__AVAILABLE DATA__:

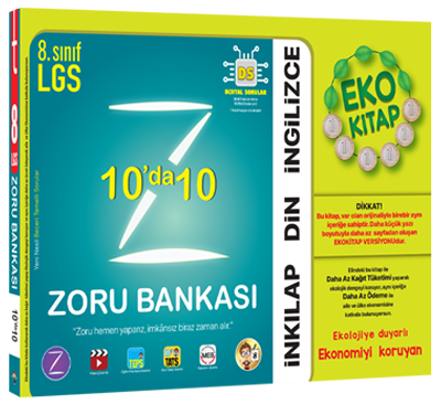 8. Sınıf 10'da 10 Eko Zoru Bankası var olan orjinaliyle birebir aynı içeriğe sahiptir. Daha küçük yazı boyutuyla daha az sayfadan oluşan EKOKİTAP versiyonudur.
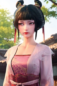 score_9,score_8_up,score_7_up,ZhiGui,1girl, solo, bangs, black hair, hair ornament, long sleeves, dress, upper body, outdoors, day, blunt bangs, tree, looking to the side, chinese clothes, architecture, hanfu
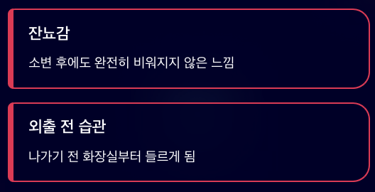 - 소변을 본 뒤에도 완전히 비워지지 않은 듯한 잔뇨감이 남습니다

__EXERCISE INSTRUCTIONS__: Set the listing above down again exactly, leaving pictures out.

__ANSWER TO THIS EXERCISE__:
 8. Sınıf 10'da 10 Eko Zoru Bankası var olan orjinaliyle birebir aynı içeriğe sahiptir. Daha küçük yazı boyutuyla daha az sayfadan oluşan EKOKİTAP versiyonudur.
 score_9,score_8_up,score_7_up,ZhiGui,1girl, solo, bangs, black hair, hair ornament, long sleeves, dress, upper body, outdoors, day, blunt bangs, tree, looking to the side, chinese clothes, architecture, hanfu
 - 소변을 본 뒤에도 완전히 비워지지 않은 듯한 잔뇨감이 남습니다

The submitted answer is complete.